• [Supplied information]:
══════════

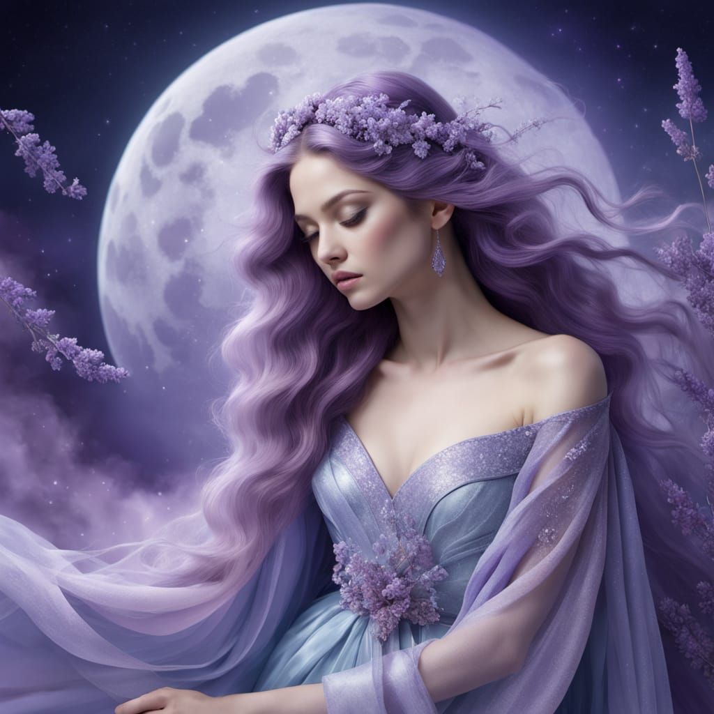 This image shows a mystical woman in flowing robes standing before a glowing moon with intricate celestial patterns. Soft, ethereal lighting and iridescent textures create a dreamy, luxurious atmosphere, evoking a sense of refined elegance and artistic beauty.
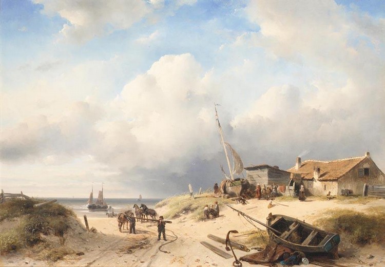Leickerts was een leerling van Andreas Schelfhout (1787-1870), ook al een ‘Haagse Belg’. Schelfhout werkte wel vaker ook in de omgeving van Noordwijk, maar net zo goed in Scheveningen. Leickert zal dus welderis in Noordwijk zijn geweest, zijn meester volgend. Maar of dit schilderij in Noordwijk is gemaakt? Hoeveel het er ook op lijkt, het kan net zo goed Scheveningen of zelfs Katwijk zijn geweest.
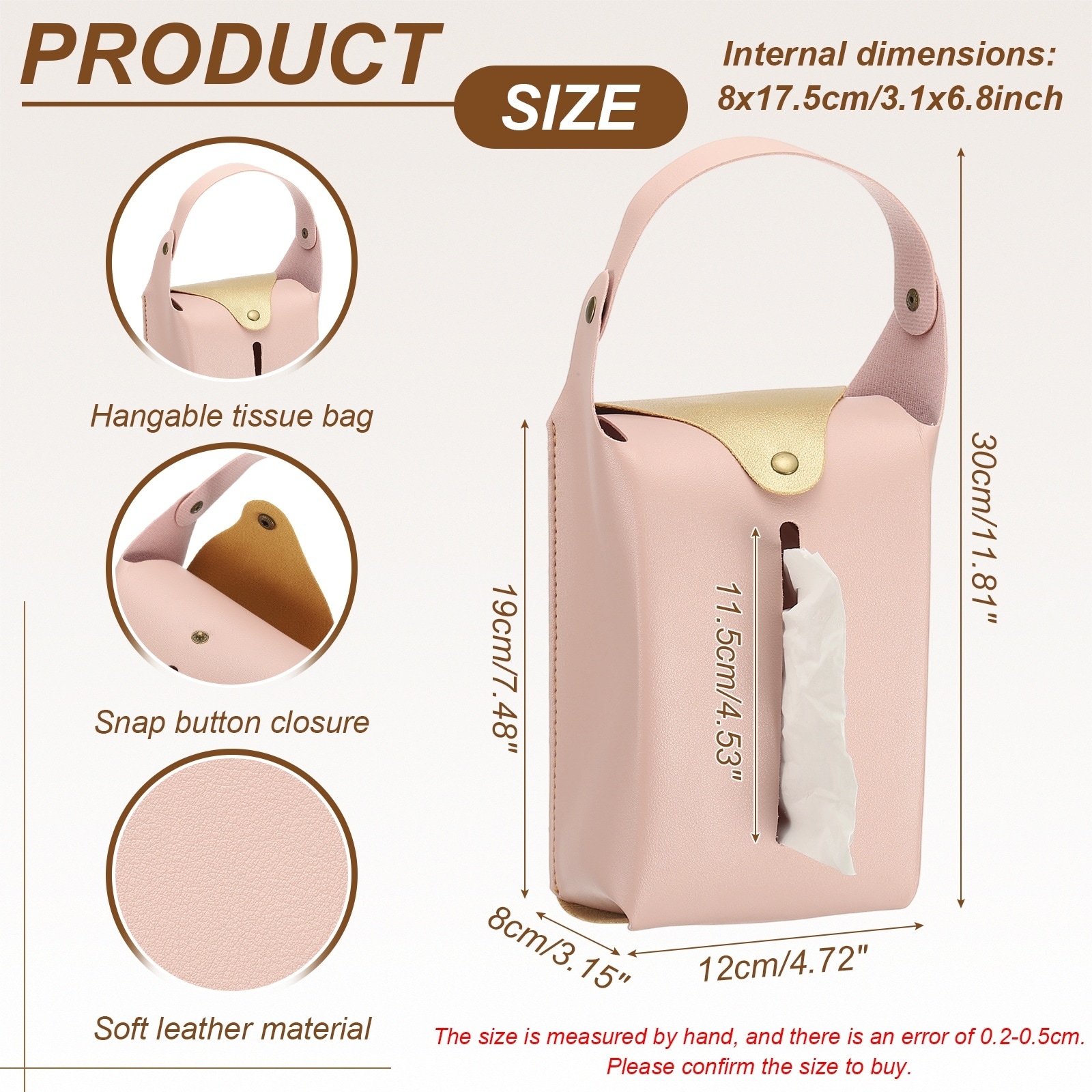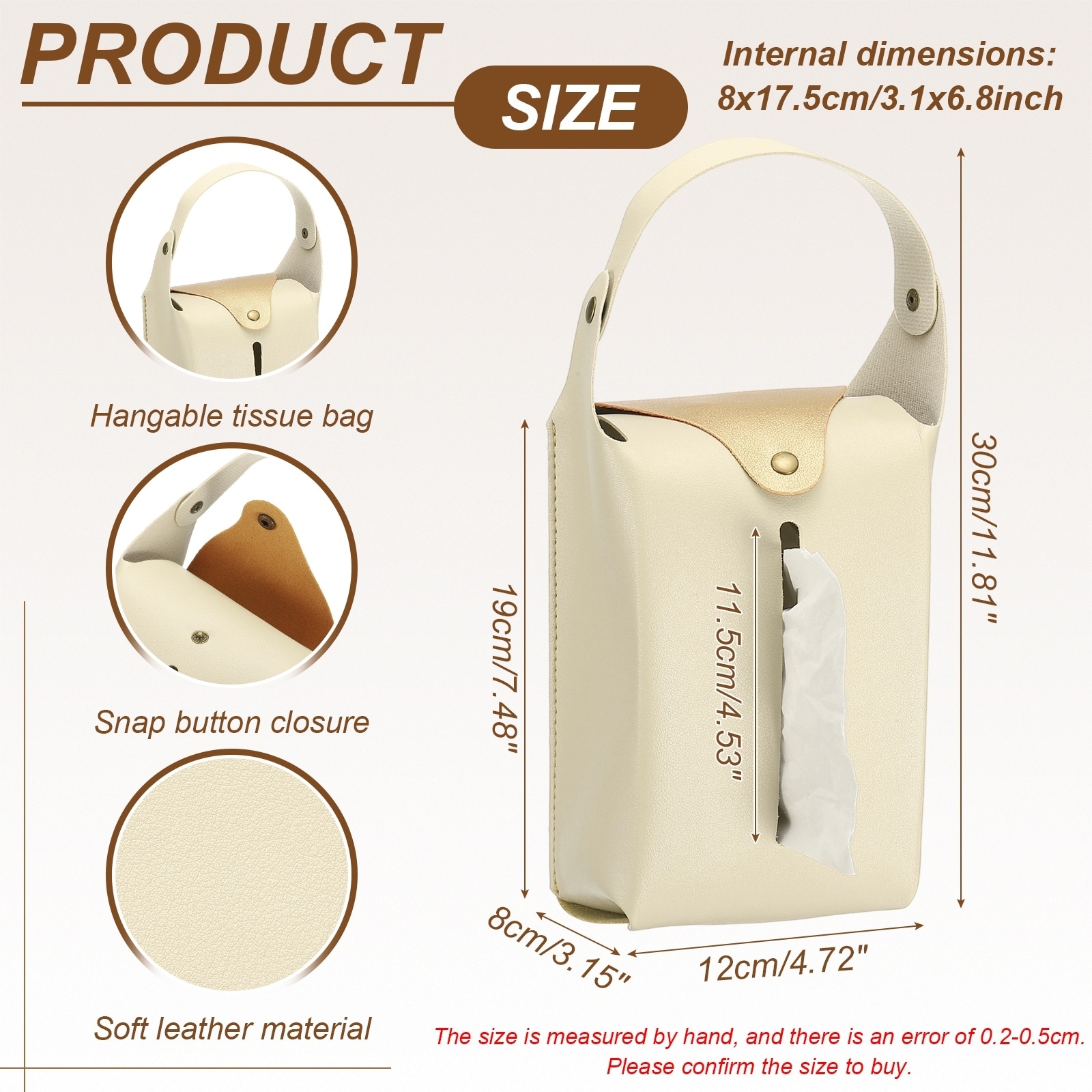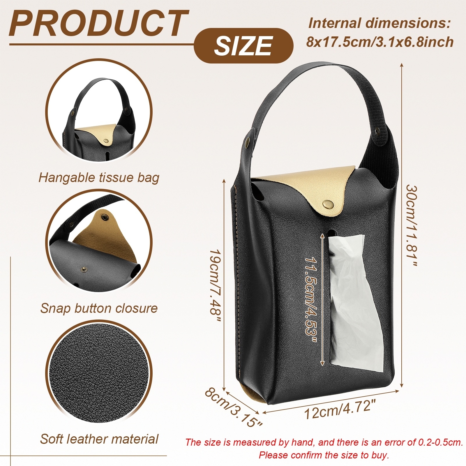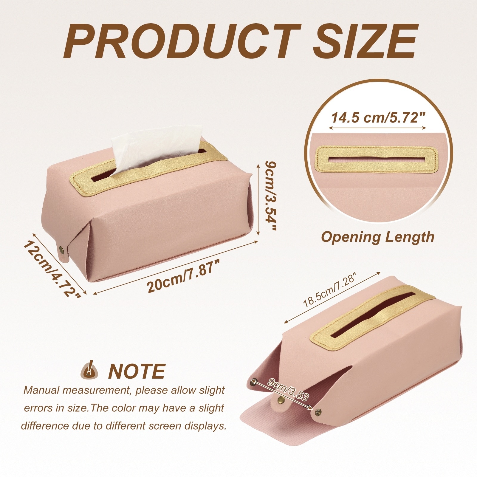 Faux Leather Tissue Box Cover, Rectangular PU Tissue Box Cover with Button Tissue Holder Bag for Home/Bathroom/Car

══════════

• [Requirement]: I would like you to set down the lines above, from the one containing "Leickerts was een" to the final line, exactly as written and without pictures.

• [Task solution]:
Leickerts was een leerling van Andreas Schelfhout (1787-1870), ook al een ‘Haagse Belg’. Schelfhout werkte wel vaker ook in de omgeving van Noordwijk, maar net zo goed in Scheveningen. Leickert zal dus welderis in Noordwijk zijn geweest, zijn meester volgend. Maar of dit schilderij in Noordwijk is gemaakt? Hoeveel het er ook op lijkt, het kan net zo goed Scheveningen of zelfs Katwijk zijn geweest.
 Faux Leather Tissue Box Cover, Rectangular PU Tissue Box Cover with Button Tissue Holder Bag for Home/Bathroom/Car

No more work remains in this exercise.